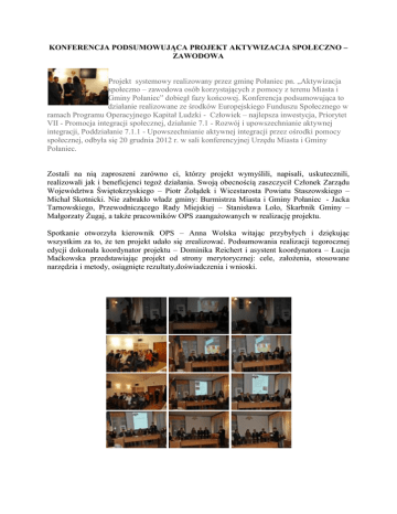 KONFERENCJA PODSUMOWUJĄCA PROJEKT AKTYWIZACJA SPOŁECZNO – ZAWODOWA Projekt systemowy realizowany przez gminę Połaniec pn. „Aktywizacja społeczno – zawodowa osób korzystających z pomocy z terenu Miasta i Gminy Połaniec” dobiegł fazy końcowej. Konferencja podsumowująca to działanie realizowane ze środków Europejskiego Funduszu Społecznego w ramach Programu Operacyjnego Kapitał Ludzki - Człowiek – najlepsza inwestycja, Priorytet VII - Promocja integracji społecznej, działanie 7.1 - Rozwój i upowszechnianie aktywnej integracji, Poddziałanie 7.1.1 - Upowszechnianie aktywnej integracji przez ośrodki pomocy społecznej, odbyła się 20 grudnia 2012 r. w sali konferencyjnej Urzędu Miasta i Gminy Połaniec. Zostali na nią zaproszeni zarówno ci, którzy projekt wymyślili, napisali, uskutecznili, realizowali jak i beneficjenci tegoż działania. Swoją obecnością zaszczycił Członek Zarządu Województwa Świętokrzyskiego – Piotr Żołądek i Wicestarosta Powiatu Staszowskiego – Michał Skotnicki. Nie zabrakło władz gminy: Burmistrza Miasta i Gminy Połaniec - Jacka Tarnowskiego, Przewodniczącego Rady Miejskiej – Stanisława Lolo, Skarbnik Gminy – Małgorzaty Żugaj, a także pracowników OPS zaangażowanych w realizację projektu. Spotkanie otworzyła kierownik OPS – Anna Wolska witając przybyłych i dziękując wszystkim za to, że ten projekt udało się zrealizować. Podsumowania realizacji tegorocznej edycji dokonała koordynator projektu – Dominika Reichert i asystent koordynatora – Łucja Maćkowska przedstawiając projekt od strony merytorycznej: cele, założenia, stosowane narzędzia i metody, osiągnięte rezultaty,doświadczenia i wnioski. Projekty tego typu w życiu lokalnego środowiska odgrywają ważną rolę i mają swój konkretny wymiar. Zaproszeni goście zabierając głos niejednokrotnie podkreślali, że realizacja projektu systemowego pomaga w przezwyciężaniu trudności, zapobieganiu ich powstawaniu, w zaspokajaniu elementarnych potrzeb życiowych, prowadzi do usamodzielnienia oraz dąży do ich uaktywniania we wszystkich możliwych obszarach życia społecznego. A wiedza zdobyta przez uczestników podczas kursów, warsztatów, podjęcie nauki i innych form aktywizacji ma przyczynić się do sukcesów na otwartym rynku pracy. W podziękowaniu za pomoc i wsparcie przy realizacji zadania Burmistrz - Jacek Tarnowski wręczył Wicestaroście - Michałowi Skotnickiemu i Członkowi Zarządu Województwa Świętokrzyskiego - Piotrowi Żołądkowi, pamiątkowe obrazy. Miłym punktem konferencji było wręczanie dyplomów i złożenie podziękowań i gratulacji dla uczestników projektu. Certyfikaty beneficjentom wręczali - kierownik OPS - Anna Wolska, Burmistrz- Jacek Tarnowski, Przewodniczący Rady Miejskiej - Stanisław Lolo oraz Członek Zarządu Woj. Świętokrzyskiego - Piotr Żołądek i Wicestarosta - Michał Skotnicki. Ostatnim punktem konferencji był wspólny poczęstunek.
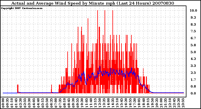 20070830 Actual and Average Wind Speed by Minute mph (Last 24 Hours)
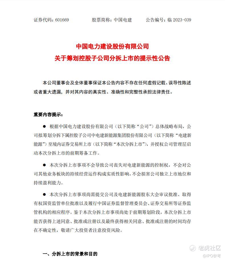 $中国电建(601669)$ 【中国电建:拟筹划分拆子公司电建新能源至境内证券交易所上市】中国电建6月2日发布公告,公司拟筹划分拆下属控股子公司电建新能源至境内证券交易所上市,并授权公司管理层启动本次分拆上市的前期筹备工作。截至公告披露日,公司直接及间接通过子企业持有电建新能源99.96%的股份。电建新能源正在推进引入战略投资者相关工作。截至本公告披露日,电建新能源确定引入10名战略投资者。本次增资完成后,电建新能源的注册资本由60亿元增加至75亿元。本次增资尚待完成工商变更登记等手续。(公司公告)
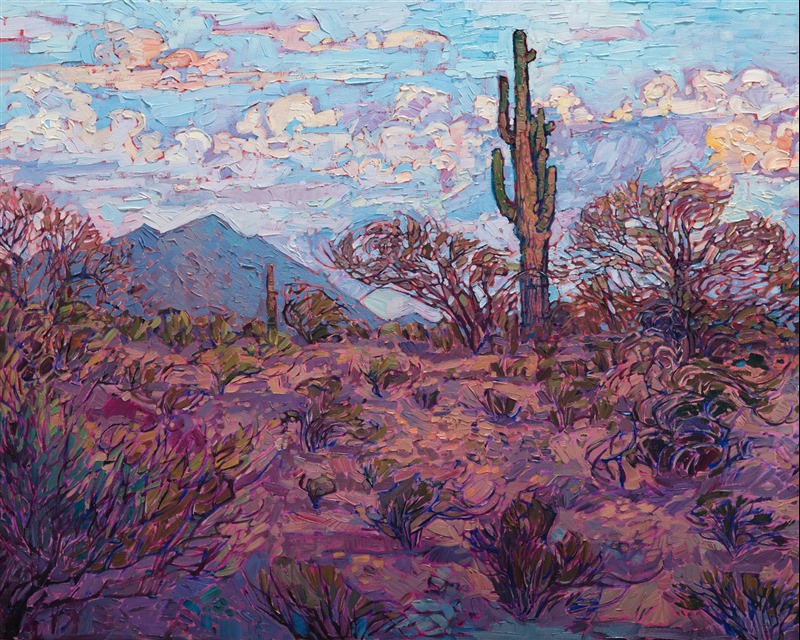 Note on varnishing: Erin’s paintings take six to eight weeks to dry, at which time we apply a retouching varnish, which allows the painting to complete the curing process while having a layer of protection against dirt and scuffs. The full curing process for an impasto oil painting takes at least two years. We are happy to assist in applying a final finishing varnish to your Erin Hanson oil painting once it has been dry for at least two years. Here is more information on how to care for your original oil painting.
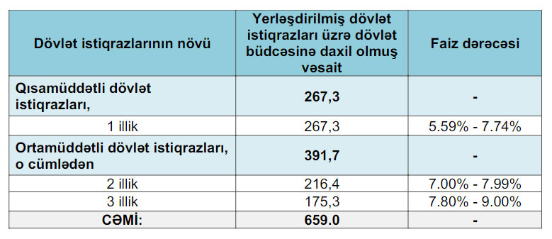 2019-cu il ərzindədaxili maliyyə bazarında yerləşdirilmiş dövlət istiqrazları üzrə dövlət büdcəsinə 659 milyon manat vəsait daxil olmuşdur.
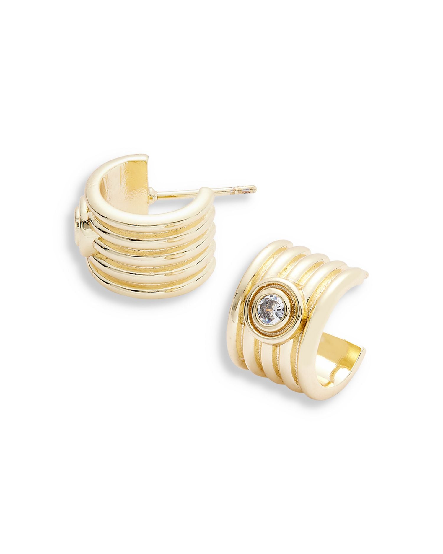 Cubic Zirconia Ribbed Huggie Hoop Earrings - Exclusive
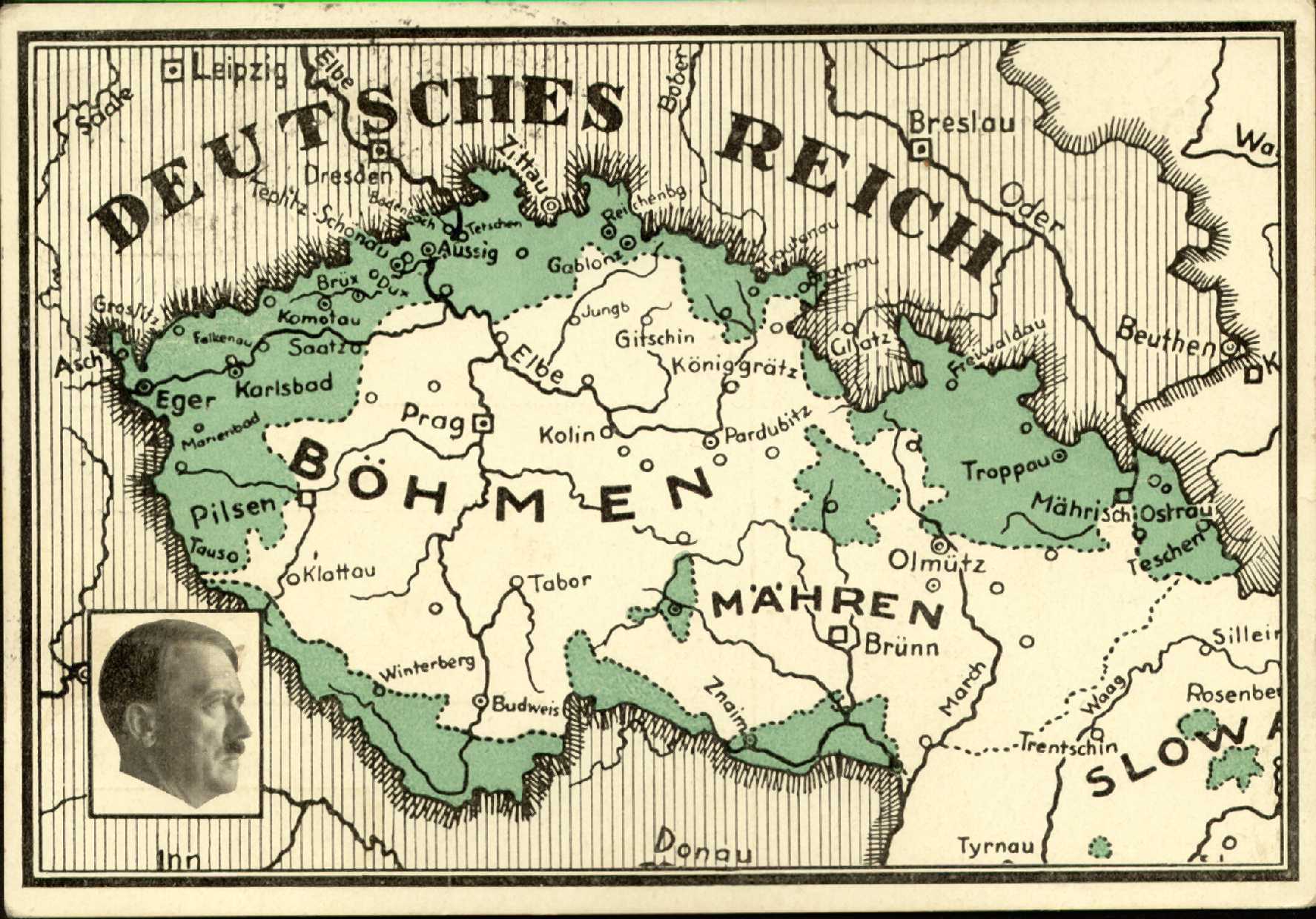 Wahrscheinlich konnte man die Karte mit der tschechischen Marke und deren Sonderstempel erwerben und später im "Reichsgebiet" zusätzlich frankieren und abstempeln lassen (hier in Leipzig).
------------------------------
## Problem statement
From the data above, retype only the lines starting with the line with "Note on varnishing: Erin’s" and going on through the line with "Cubic Zirconia Ribbed", exactly, leaving out the pictures.

## Task output
 Note on varnishing: Erin’s paintings take six to eight weeks to dry, at which time we apply a retouching varnish, which allows the painting to complete the curing process while having a layer of protection against dirt and scuffs. The full curing process for an impasto oil painting takes at least two years. We are happy to assist in applying a final finishing varnish to your Erin Hanson oil painting once it has been dry for at least two years. Here is more information on how to care for your original oil painting.
 2019-cu il ərzindədaxili maliyyə bazarında yerləşdirilmiş dövlət istiqrazları üzrə dövlət büdcəsinə 659 milyon manat vəsait daxil olmuşdur.
 Cubic Zirconia Ribbed Huggie Hoop Earrings - Exclusive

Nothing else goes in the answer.